So I’m watching Burlesque for the first time ever. I’ve always loved to dance. When I was younger I used to turn up the radio and dance around the living room when my mom wasnt home and pretend that I was in a club like that (well sort of) I’d sing and dance and pretend I had back up singers and dancers. Crazy I know. I swear if my mom ever caught me she would think I was o ncrack while she was gone. I loved dancing to TLC and Aaliya, I would sing to Sarah McLachlan. I would imagine in my head scenes similiar to what I’m watching now-up on stage, people cheering and getting goosebumps from the sound of m voice and the great amazing moves that I choregraphed. My dream when I was younger was that I wanted to choreograph dances for clubs, for videos, for the Dallas Cowboys Cheerleaders. I loved making up dances in my head. Correction-LOVE. Not past tense. I still do it. Driving the road and a new song comes on and I am making up the dance in my head. Its why I got my Zumba instructor license, because I could have the chance to actually choreograph dances for real. Except of course the moves have to be simple and easy for non-dancers to do.
I love dance just in general. Ballet, the basic of dance. I never DID ballet, but real dance moves are all based on ballet. I was on drill team, I took dance classes. I was in choir too. But I’m not a great singer, in fact I wont let anyone listen to me now except Molly. But when I’m singing with her in the car i will BELT IT OUT. I love Christina Augilars voice, and Kelly Clarkson. And Sarah McLachlan. And really anything thats deep and BIG like that. So my daydreams would be filled with me singing “Building a Mystery” on a stage in a dark club, or being a Pussycat Doll dancing on stage. Or hell even one of the dancers on Coyote Ugly. Cheezy huh? Yeah I know. I dont care. Anything for attention, for people to think “wow look at how amazing she dances or how great she sings” I MISS dancing.
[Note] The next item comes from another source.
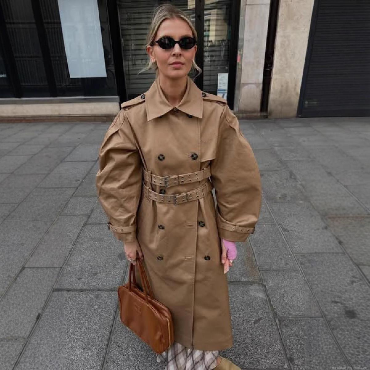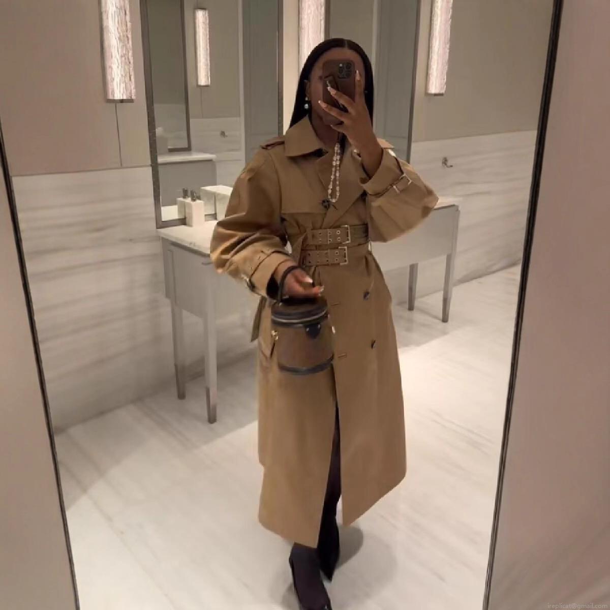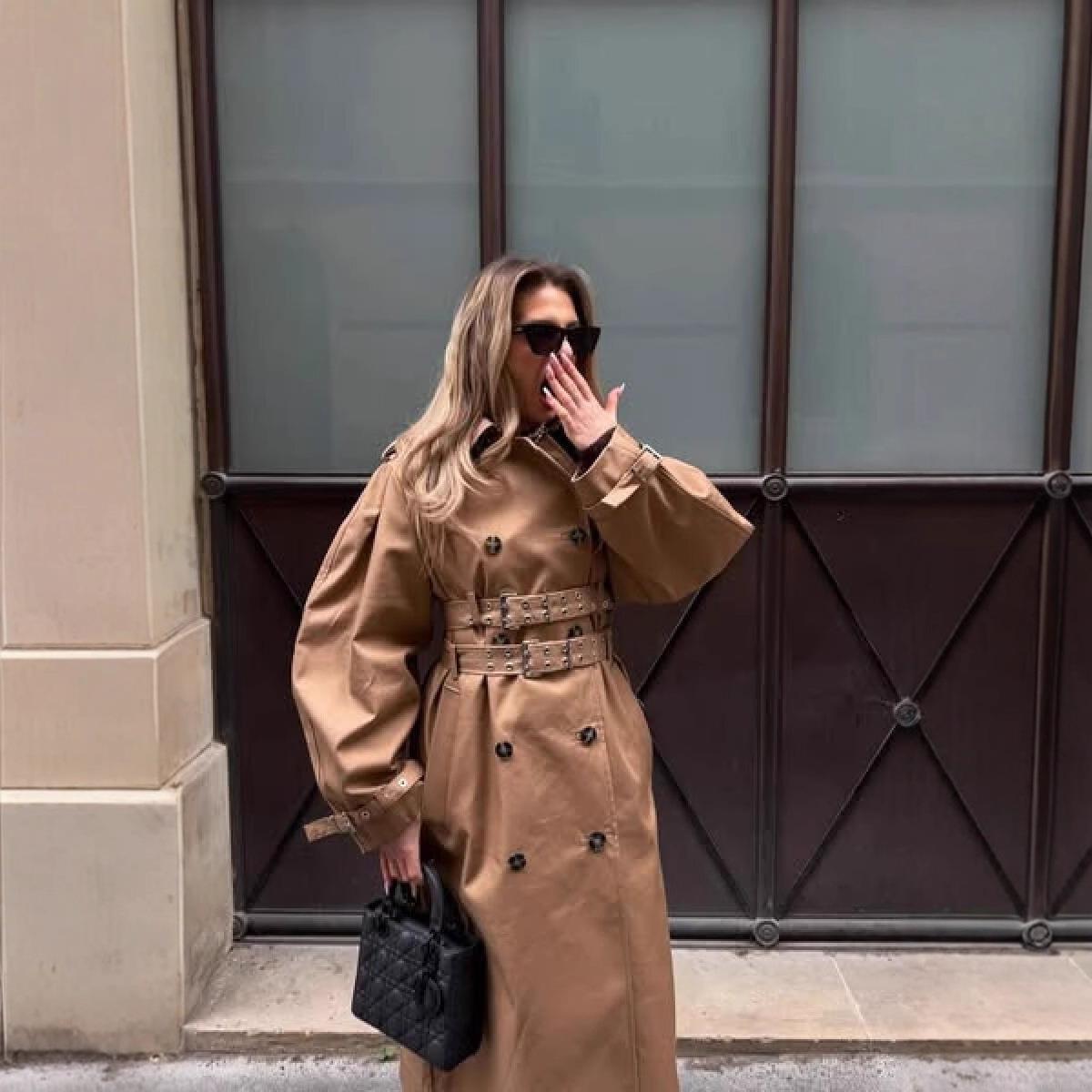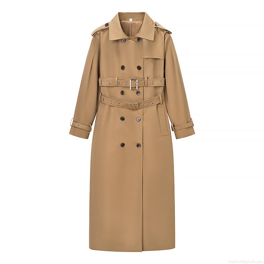 • Women's Double-Breasted Long Trench Coat Khaki Elegant Commuter Overcoat With Double Belt Lantern Sleeves Classic Windproof Polyester Outerwear For Autumn Winter Ladies

Watching this movie is making me miss it even more.
When you are on stage dancing you get to become someone else. Someone sweet, someone mysterious, someone fiery, someone sexy. Depends on the way you move, the song you use, the costume, the tone of your dance. You can become someone else for 2 minutes. You take the song and tell a story with your body, your face, you movements. It can be a sad emotional story, it can be a happy story, it can be love story or a story of desire. Same thing with music. I’ve always loved music. How a song can put your emotions into words. I’ve never been great at expressing my emotions. And the last few years I’ve only been able to express my anger not always effectively. I swear I wish i could walk around with a soundtrack of my life playing all the time. A song can bring me to tears, make me smile, or bring back a memory so vivid that I can smell the smells, hear the sounds, and feel every emotion I felt the first time.
I’ve basically just been rambling while I’m watching the movie. Wishing I’d been able to follow my dream of being involved somehow in the dancing world. That I was choreographing for the DCC (which I think about everytime I watch the show) or designing the next hot stars hot video. Or having my own dance studio.
So now my passion for dance will hopefully transfer to Princess, and I hope she enjoys dance.
I feel like I have much more to write but I’m being sucked into this movie, so perhaps I’ll be back to add more, but more than likely when this movie is over I will begin dreaming about being a club singing and dancing again….much like the dreams I had as a teenager.